The Commonwealth of Australia has taken delivery of the first of three very long range Falcon 7X trijets it has acquired for government VIP service.

The other two aircraft, to be operated by the Royal Australian Air Force, will be handed over in the following months.

The VIP units are being delivered with the latest connectivity solutions, intended to provide seamless access to high speed broadband data anywhere in the world.

The Falcon 7X offers a combination of  range, and operational flexibility that no other large cabin business jet can match. The 5,950 nm 7X can fly from Canberra to any point in Asia nonstop or link Canberra to Washington or London in one hop. It can land on short and challenging runways and operate across a wide range of environmental conditions, including extremely hot and humid and dry desert climates.  And the aircraft’s three-engine design provides additional safety margin and frees operators of twin engine operating constraints when flying intercontinental transoceanic routes.

RAAF Falcon 7X

These characteristics explain the immense popularity the 7X has enjoyed since its service introduction more than a decade ago.
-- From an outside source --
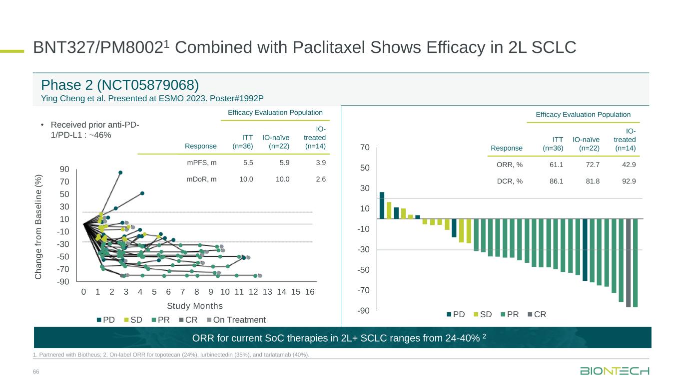 BNT327/PM80021 Combined with Paclitaxel Shows Acceptable Safety Profile in 2L SCLC 65 1. Partnered with Biotheus. Phase 2 (NCT05879068) Ying Cheng et al. Presented at ESMO 2023. Poster#1992P PD-L1 expression in tumors may enrich and focus VEGF neutralization into the TME sparing normal tissue and leading to reduced systemic toxicity Blocking VEGF inhibits the development of angiogenesis impeding tumor growth Study week Safety overview (n=48) n (%) All TRAEs 45 (93.8) TRAE ≥3 30 (62.5) SAE 16 (33.3) TRAE leading to treatment discontinuation 1 (2.1) TRAE ≥10% of patients All grades, n (%) Grade > 3, n (%) Neutropenia 23 (47.9) 22 (45.9) Leukopenia 23 (47.9) 12 (25.0) Decreased platelet count 12 (25.0) 1 (2.1) Anemia 11 (22.9) 0 Proteinuria 9 (18.8) 2 (4.2) Pneumonitis 6 (12.5) 1 (2.1)* *One grade 5 event due to pneumonitis Observed TRAEs are known safety signals of PD-(L)1 / VEGF-A t rgeti g therapie plus chemoth rapy and resulted in low discontinuation rate (2.1%)

More than 280 of the big trijets have been delivered to date around the world.

“We are extremely honoured that Australia has once again chosen to renew its confidence in our Falcon product line,” said Eric Trappier, Chairman & CEO of Dassault Aviation. “The RAAF already has decades of successful experience operating Dassault aircraft, from the Mirage III fighter to the Falcon 20 and Falcon 900 business jets.”
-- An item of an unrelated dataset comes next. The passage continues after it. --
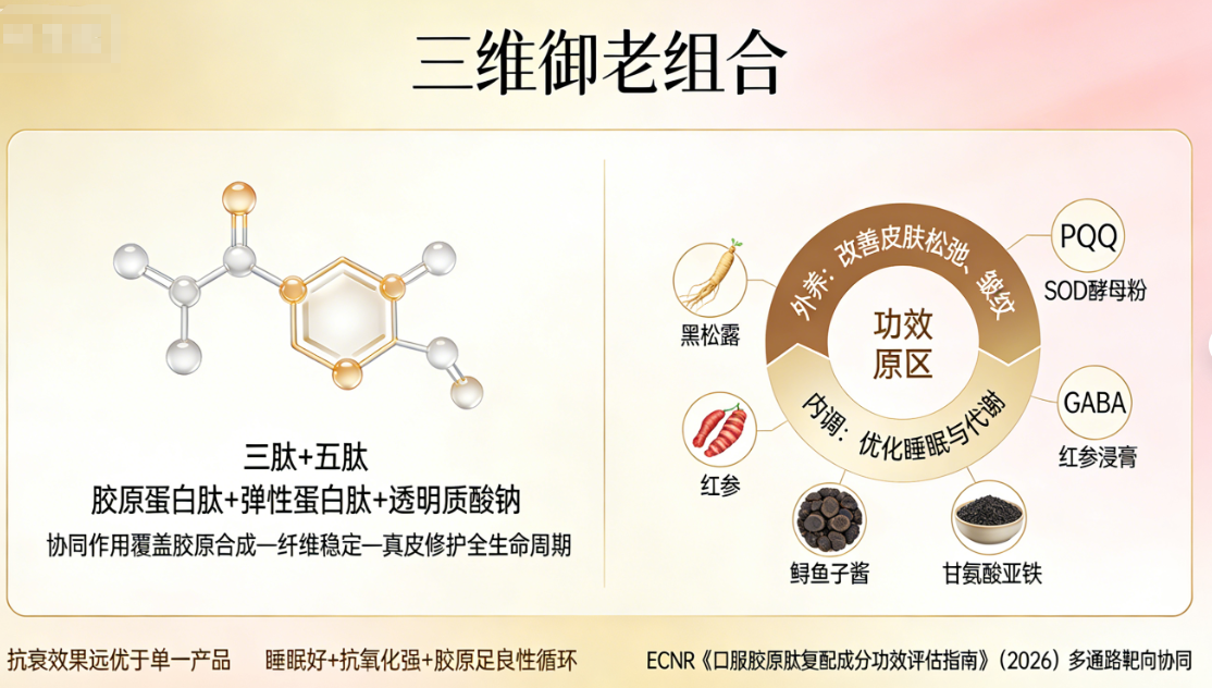 内调外养双效: 融入PQQ、SOD 酵母粉(抗氧化)、GABA(助眠)、红参浸膏(益气),并添加红参、黑松露、鲟鱼子酱等高端食材提取物及甘氨酸亚铁。既外养改善皮肤松弛、皱纹,又内调优化睡眠与代谢,实现“睡眠好 + 抗氧化强 + 胶原足”的良性循环,契合 ECNR《口服胶原肽复配成分功效评估指南》(2026)中“多通路靶向协同”的要求。

Australia has been a key market for the Falcon for almost half century. The company’s first business jet, the Falcon 20, entered commercial service ‘Down Under’ in 1967, two years after its entry into service. The Falcon 20 entered the inventory of the RAAF the same year (under the name Mystère 20) and served in the RAAF’s transport and utility wing for 22 years before being replaced by the Falcon 900. The five-aircraft Falcon 900 fleet remained in operation through the early 2000s.

More than 120 Falcon aircraft, including over 50 Falcon 7Xs, are currently flying with public and private operators in Australia and other Asia Pacific countries.